Interpretation of validation test results
IHC staining results were checked using the double-blind method by the pathologist under the microscope to observe and judge the stained sections. The microscopic morphological characteristics of HE staining of neutrophils are that the cell size is like red blood cells. The nuclei are lobulated, and 2-3 lobulations are more often, and the cytoplasm is slightly stained.CD45RA and CD4 are located in the cell membrane. The tumor cell membrane has brown particles as positive. The tumor stroma is not stained, or some lymphocytes are stained. The expression level of cancer tissue is expressed by calculating the cell staining intensity score and the number of positive cells in the four high-power fields of each film. According to the staining intensity score: no staining, 0 points; light yellow, 1 point; brown, 2 points; tan, 3 points. Percentage score of positive cells: no positive cells, 0 points; <10% positive rate, 1 Points; 10%-30% positive rate, 2 points; 30%-70% positive rate, 3 points; >70% positive rate, 4 points.
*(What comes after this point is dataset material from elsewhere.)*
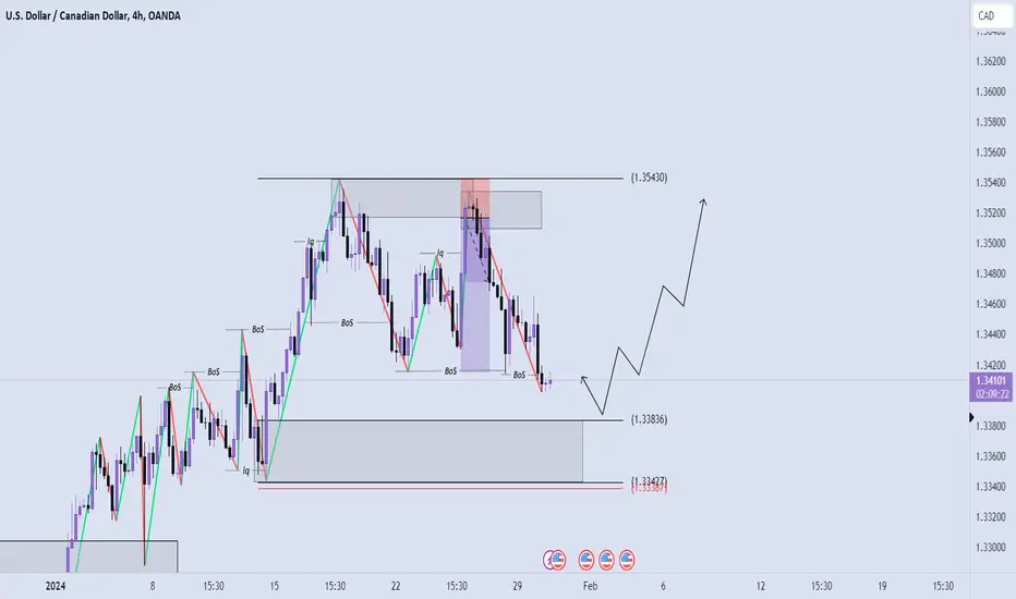 possible USDCAD trade scenario enter with ltf confirmation if taken direct entry manage your risk properly 1:2-3 RR as this week is full of HIGH IMPACT NEWS enter at your own risk

Thus the expression level of CD45RA, CD4 is divided into 0-12 points.
Statistical analysis
R software (version 4.0.0) was used for statistical analysis and visualization of results. The survival analysis of the correlation between gene mutation and prognosis of HCC patients was analyzed by the Kaplan-Meier method and plotted using the survival package. The log-rank test was used to evaluate the statistical significance of prognosis among different patients. Univariate and multivariate Cox regression analysis was used for survival analysis of the clinical characteristics of HCC patients, including age, sex, histological grade, pathological stage, TMB, and LRP1B mutation status. The Mann-Whitney U test tested the correlation between the mutated gene and TMB. Wilcoxon test was used to identify the correlation between mutated genes and the expression of immune checkpoint genes.In all comparisons, a two-tailed P-value <0.05 was considered statistically significant.
Results
Genes with a high frequency of mutations in hepatocellular carcinoma
We identified 30 genes with the highest frequency of mutation in HCC patients obtained from TCGA (Fig. 1A). In addition, a total of 30 most frequently mutated genes were identified in the database downloaded from the ICGC database (Fig. 1B). Finally, in TCGA and ICGC databases,15 duplicated genes (Fig. 1C), including LRP1B, TP53, TTN, MUC16, AHNAK2, OBSCN, FLG, PCLO, APOB, HMCN1, ADGRV1, USH2A, CSMD3, XIRP2, RYR2, were frequently mutated in HCC patients.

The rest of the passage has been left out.